----- SUPPLIED INFORMATION -----
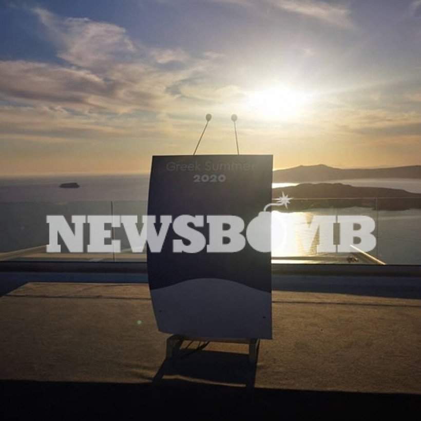 Με φόντο την καλντέρα της Σαντορίνης και το ηλιοβασίλεμα, που έχει αποτυπωθεί στο μυαλό και τις φωτογραφίες εκατομμυρίων επισκεπτών, ο πρωθυπουργός στοχεύει να μεγιστοποιήσει τα οφέλη από την προβολή της χώρας.
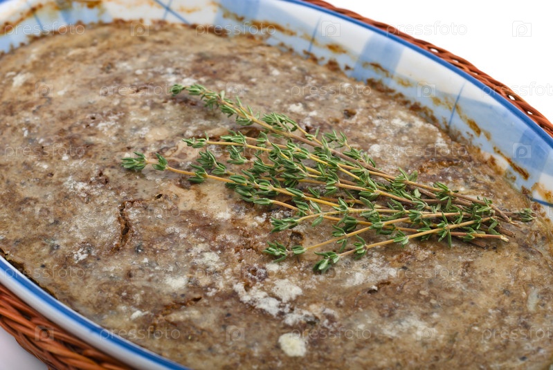 Паштет в керамическом блюде на белом фоне
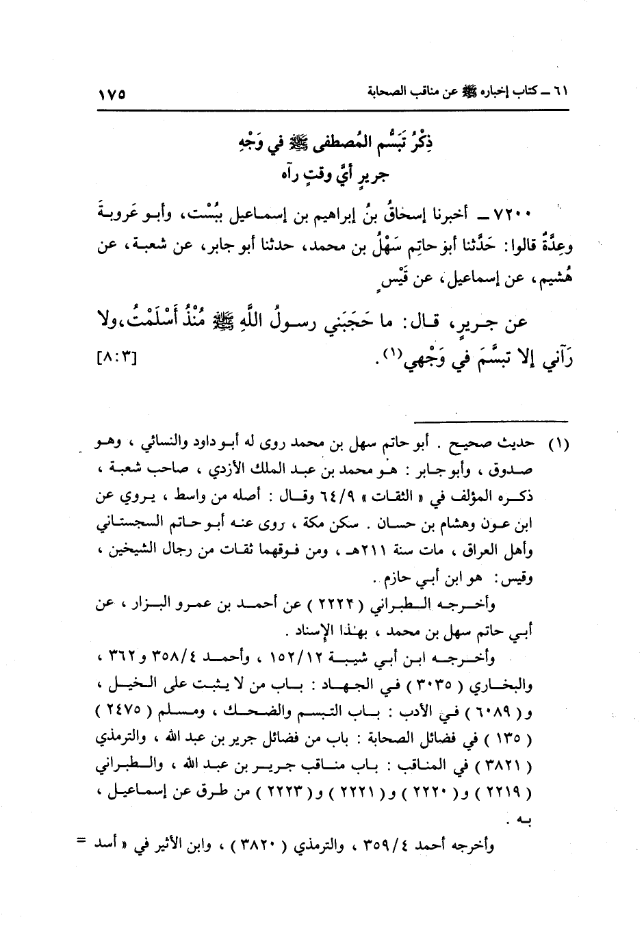 7200- أَخْبَرَنَا إِسْحَاقُ بْنُ إِبْرَاهِيمَ بْنِ إِسْمَاعِيلَ بِبُسْتَ وَأَبُو عَرُوبَةَ وَعِدَّةٌ قَالُوا حَدَّثَنَا أَبُو حَاتِمٍ سَهْلُ بْنُ مُحَمَّدٍ حَدَّثَنَا أَبُو جَابِرٍ عَنْ شُعْبَةَ عَنْ هُشَيْمٍ عَنْ إِسْمَاعِيلَ عَنْ قَيْسٍ عَنْ جَرِيرٍ قَالَ: مَا حَجَبَنِي رَسُولُ اللَّهِ صَلَّى اللَّهُ عَلَيْهِ وَسَلَّمَ مُنْذُ أَسْلَمْتُ وَلَا رَآنِي إلا تبسم في وجهي1. [3: 8]
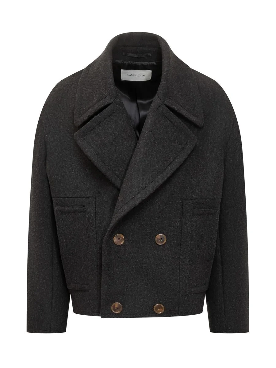 Black wool peacoat Lanvin short coat with double-breasted closure and wide lapels. Gender: Men Material: OUTSIDE:100% VIRGIN WOOL LINING:65% ACETATE, 35% VISCOSE Color: Black Made in: Italy Product ID: RMCO00096120H25 18 *Import tax/duty will be calculated at checkout (If applicable)
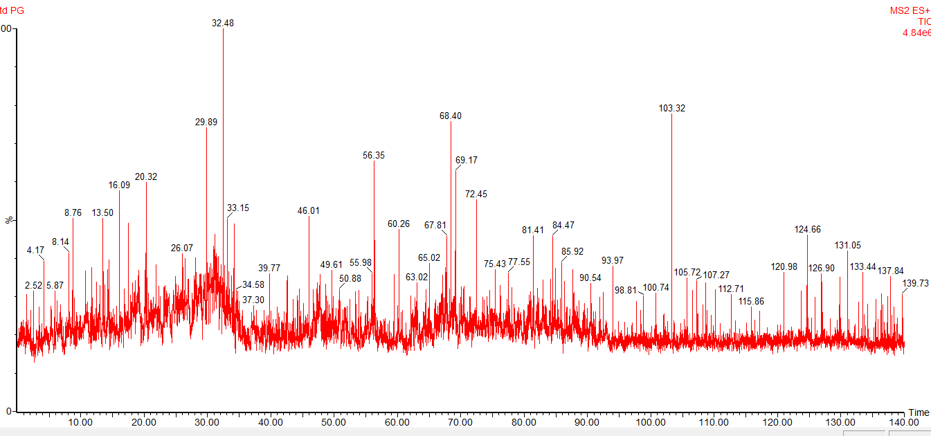With LC, the obtained peptides would be separated based on an interaction between peptides and stationary phase, as indicated with certain retention times. Fig. 2 revealed LC chromatograms of peptides obtained from digestion of porcine gelatin and bovine gelatin. In addition, fig. 3 revealed LC chromatogram of peptides in porcine gelatin mixed with bovine gelatin previously digested using trypsin. The results of this study exhibited that it is possible to differentiate the peak markers playing an important role in such differentiation, corresponding to specific peptides composed of porcine and bovine gelatins.
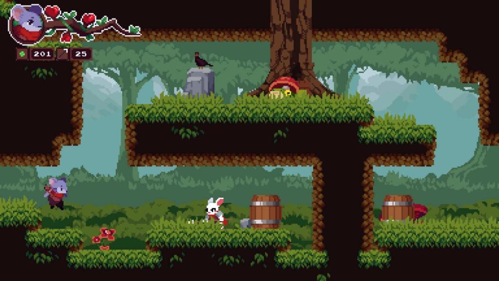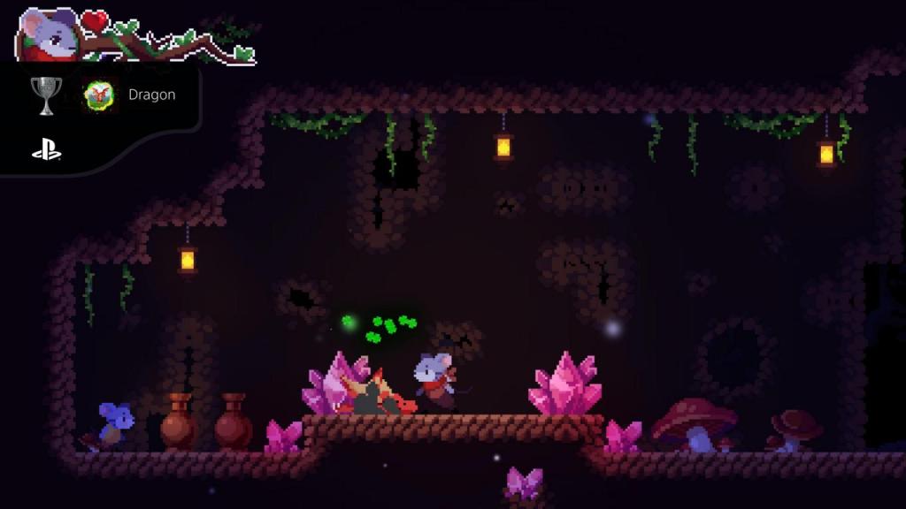 Allerdings muss man sich aber eingestehen, dass es auch ein paar nicht so schöne Punkte gibt: So ist die Spielwelt eher klein und recycelt eigene Elemente immer wieder, was besonders beim ersten größeren Areal, einem Höhlensystem, ins Auge springt. Weiter muss man sich im Klaren sein, dass ein Metroidvania immer ein gewisses Maß an Backtracking mit sich bringt. Aber wenigstens gibt es eine gute Karte, über die man recht schnell sieht, wo es unter Umständen weitergeht. Nervig fand ich an der Stelle aber, dass man nach einem Bosskampf, wenn man eine Maus befreit hat, den kompletten Weg zum Dorf der Mäuse zurück laufen muss, um ein neues Upgrade zu bekommen und die Story fortzusetzen. Andere Spiele, sie die Shantae-Reihe transportieren und immerhin wieder einen Teil des Weges aus dem Dungeon heraus, aber hier gibt es sowas nicht. Da ist es leichter sich nach dem Boss einfach vom nächstbesten Gegner plattmachen zu lassen, denn dann findet man sich mit voller Energie im Dorf wieder…
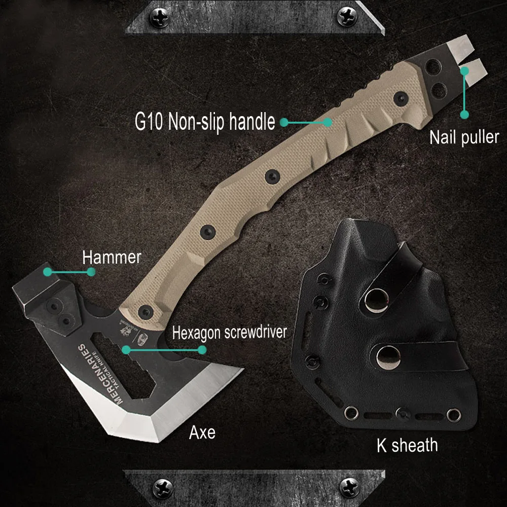 TOP King Sea Outdoor Tactical Axe and Folding Knife Set Camping Axe and Hunting Knife Multifunctional H
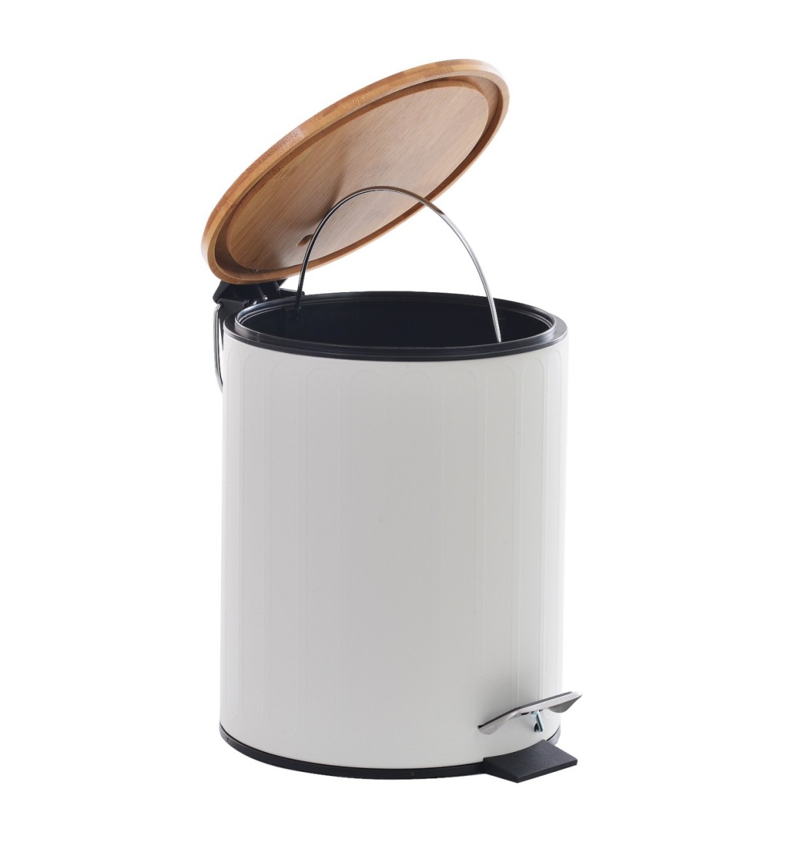 Lixeira 5L Branca com Tampa de Bambu com Pedal Canelada
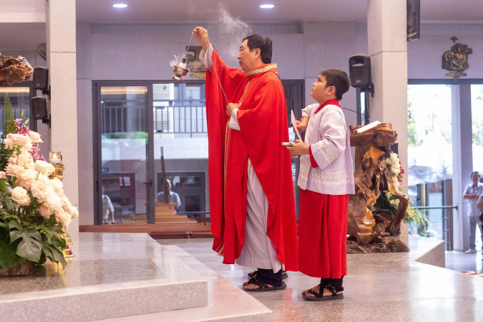 Thánh lễ bắt đầu lúc 15h00. Trước Thánh lễ, Linh mục Phêrô đã chia sẻ tâm tình tri ân: cảm ơn tất cả các Ban Caritas giáo xứ trong Giáo hạt Thủ Thiêm (Minh Đức, Thánh Linh, Thánh Tâm…) như cánh tay nối dài của các ân nhân - và đặc biệt cảm ơn Cha chánh xứ Tân Đức cùng cộng đoàn đã tiếp đón, chăm sóc chu đáo cho các em.
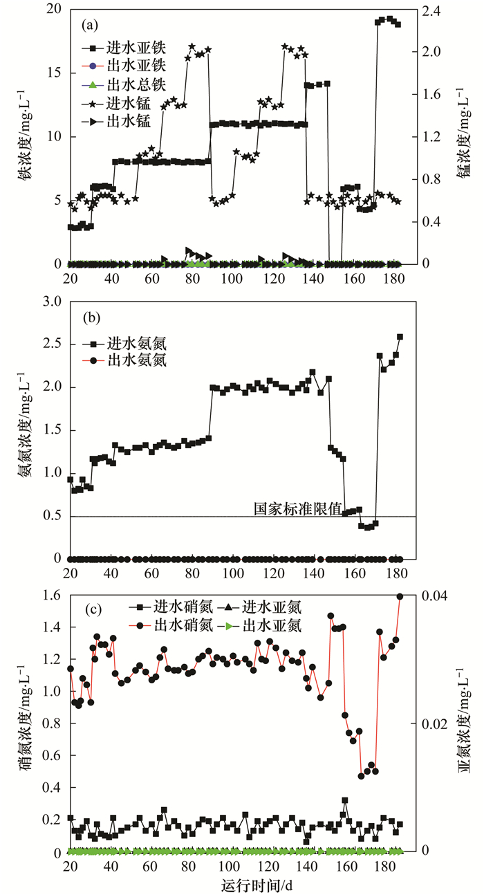 進(jìn)出水鐵錳氨濃度變化如圖 2.亞鐵在生物濾柱中主要通過化學(xué)接觸氧化作用去除, 而錳在生物濾柱中主要通過生物作用去除, 由圖 2(a)可知, 在運(yùn)行過程中出水總鐵和出水錳均能滿足《生活飲用水衛(wèi)生標(biāo)準(zhǔn)》(GB 5749-2006)中對(duì)總鐵和錳的限值要求.由圖 2(b)可知, 在整個(gè)過程中出水氨氮濃度亦均能滿足標(biāo)準(zhǔn)中對(duì)氨氮的限值要求, 且由圖 2(c)可知, 在整個(gè)過程中出水硝氮濃度均遠(yuǎn)大于進(jìn)水硝氮濃度, 由此表明, 在此濾柱中氨氮能較好地通過生物作用去除.
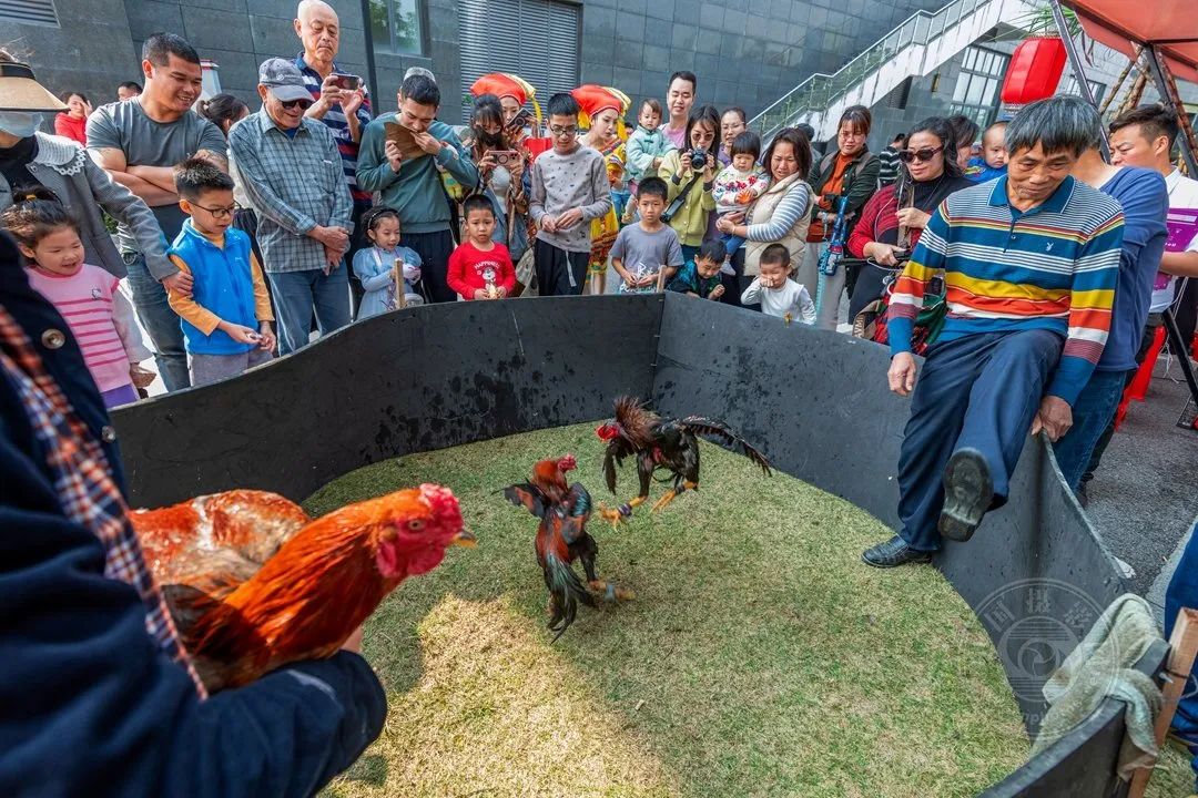 2024年2月3日,拍摄于广西合浦县月饼小镇。春节将至,合浦月饼小镇举办“海丝非遗大集市”活动,图为精彩纷呈的斗鸡表演为当地迎接龙年春节的到来增添不少情趣。
-----
**WORK INSTRUCTIONS**
Pictures aside, repeat exactly every line from the top of the listing above through the line bearing "With LC, the", inclusive.

**EXPECTED OUTPUT**
 Με φόντο την καλντέρα της Σαντορίνης και το ηλιοβασίλεμα, που έχει αποτυπωθεί στο μυαλό και τις φωτογραφίες εκατομμυρίων επισκεπτών, ο πρωθυπουργός στοχεύει να μεγιστοποιήσει τα οφέλη από την προβολή της χώρας.
 Паштет в керамическом блюде на белом фоне
 7200- أَخْبَرَنَا إِسْحَاقُ بْنُ إِبْرَاهِيمَ بْنِ إِسْمَاعِيلَ بِبُسْتَ وَأَبُو عَرُوبَةَ وَعِدَّةٌ قَالُوا حَدَّثَنَا أَبُو حَاتِمٍ سَهْلُ بْنُ مُحَمَّدٍ حَدَّثَنَا أَبُو جَابِرٍ عَنْ شُعْبَةَ عَنْ هُشَيْمٍ عَنْ إِسْمَاعِيلَ عَنْ قَيْسٍ عَنْ جَرِيرٍ قَالَ: مَا حَجَبَنِي رَسُولُ اللَّهِ صَلَّى اللَّهُ عَلَيْهِ وَسَلَّمَ مُنْذُ أَسْلَمْتُ وَلَا رَآنِي إلا تبسم في وجهي1. [3: 8]
 Black wool peacoat Lanvin short coat with double-breasted closure and wide lapels. Gender: Men Material: OUTSIDE:100% VIRGIN WOOL LINING:65% ACETATE, 35% VISCOSE Color: Black Made in: Italy Product ID: RMCO00096120H25 18 *Import tax/duty will be calculated at checkout (If applicable)
With LC, the obtained peptides would be separated based on an interaction between peptides and stationary phase, as indicated with certain retention times. Fig. 2 revealed LC chromatograms of peptides obtained from digestion of porcine gelatin and bovine gelatin. In addition, fig. 3 revealed LC chromatogram of peptides in porcine gelatin mixed with bovine gelatin previously digested using trypsin. The results of this study exhibited that it is possible to differentiate the peak markers playing an important role in such differentiation, corresponding to specific peptides composed of porcine and bovine gelatins.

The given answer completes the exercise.